Yani, şimdi siz bahar mısınız? “Fena yoldan Çarşambalıyız” desek bizi tanır mısınız? Eski köprünün altında az karşılaşmamıştık hani. Siz ince bir hergeleyle geziyordunuz. Biz de külhanbeyliler grubunda racon kesiyorduk. Gözleriniz bir dem resminizi aklımıza çakıyordu. İsim mıh gibi akla nasıl girer o gün anlıyorduk. Hepimiz meftun, “bu giden sevdamızın hülyası m’ola” nevinden rol kesiyorduk. O an gözlerinizle tarihin bir anında çakışmamızın mutluluğunu yaşıyorduk. Sonra siz, gözünüzü köpek görmüş gibi öte yana çeviriyordunuz. Biz ötede kalmışlığımızla bekliyorduk. Şimşek şimşek için için ağlıyorduk.

Yani, siz bahar mısınız? Kalbime girin desem ruhuma damlar mısınız? Kirpiklerinizden aşağı sarkıp dursam, akşam eve gitmesem, “deli mi bu ne” diyip bizi yakar mısınız? Yanağınızdaki ben hiç eskimemiş desem anlar mısınız? Sahi siz ne vakit çiçek açtınız? Yok yok, öyle kirpiklerinizi çatmayınız. Oldum olası alışamadım çatılmış kirpiklere.
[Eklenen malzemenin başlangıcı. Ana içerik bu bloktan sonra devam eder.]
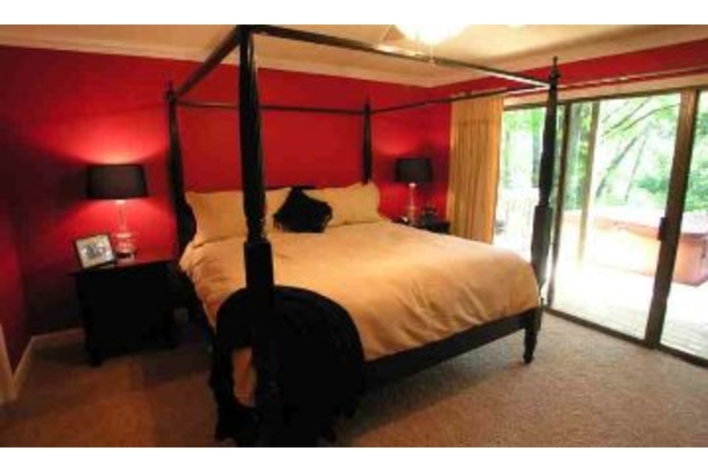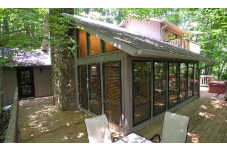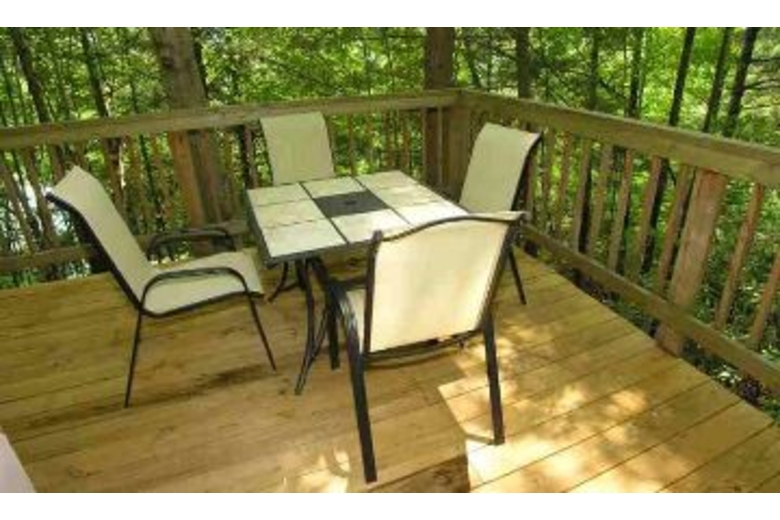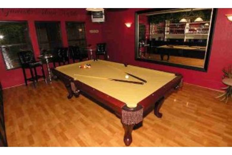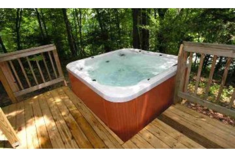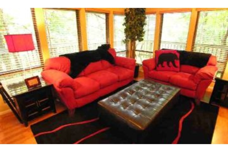 This two bedroom, two bathroom cabin is the perfect honeymoon or couples retreat. This cabin has a fully equipped kitchen, wood burning fireplace, washer and dryer, five TVs, VCR, two DVD players, two stereos, pool table and hot tub.Surrounding Description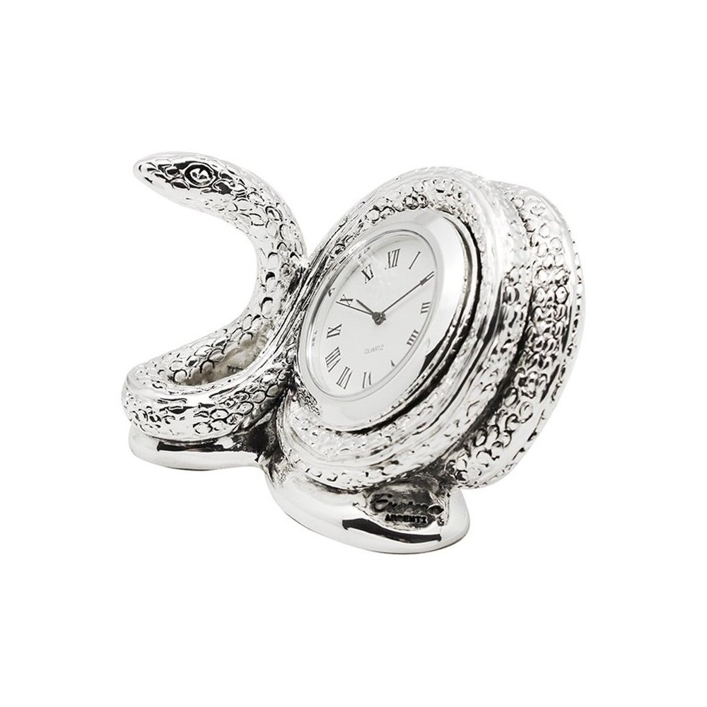 Ищете красивые часы в подарок или для интерьера, но не знаете что выбрать? Часы с фигуркой змейки будет отличным вариантом. Производство Италия, ручная работа. Покрытие посеребрение. Станет отличным подарком или красивыми часами для дома, которые долго будут радовать взгляд и сделают интерьер уютнее. Каждые часы упакована в подарочную коробку, в комплекте так же идет сертификат от производителя. Диаметр часов 3.7 см (37 мм). Диаметр самого циферблата 3 см Внимание! На часах наклеена пленка, для защиты. После покупки рекомендуем снять. Для замены батарейки нужно вытащить часы "на себя", и снять защитную крышку с батарейки.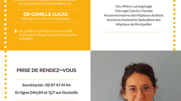 Arrivée Dr Camille LUCAS, chirurgien ORL à Vannes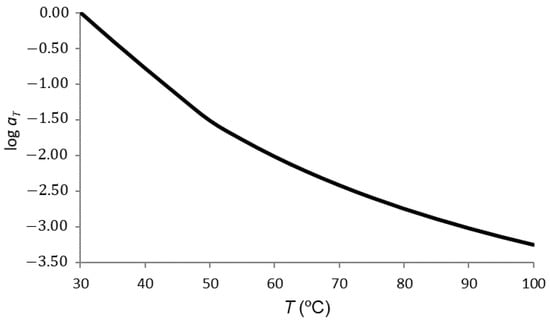 When the temperature is below Tg, the relationship between the shift factor and temperature is given by the Arrhenius equation [37], which is defined using the following expression:

Afedersiniz ama gaddar bakışlardan da hazzetmem. Meğer ne çok çiçek açmışsınız, yıllar geçmiş kuruyup kalmışsınız. Afedersiniz! Galiba siz bahar değilsiniz! Olamamışsınız!

Bizim baharımızda adı konmamış bir masumiyet vardır. Acı da baksa “kalbi deler geçer, ruhu serinletir” türünden gözleri vardır. Baktığı yeri yıkar, yıkar ama acır, bir daha dönüp bu sefer onarmak için bakar… işte böyle bir vicdanı vardır. Yani siz bu bahsettiğim hususiyetlerden pek uzaksınız. Bizi görünce titremeyecek kadar tuhafsınız. Bu durumda, afedersiniz ama siz bahar değilsiniz! Olamazsınız!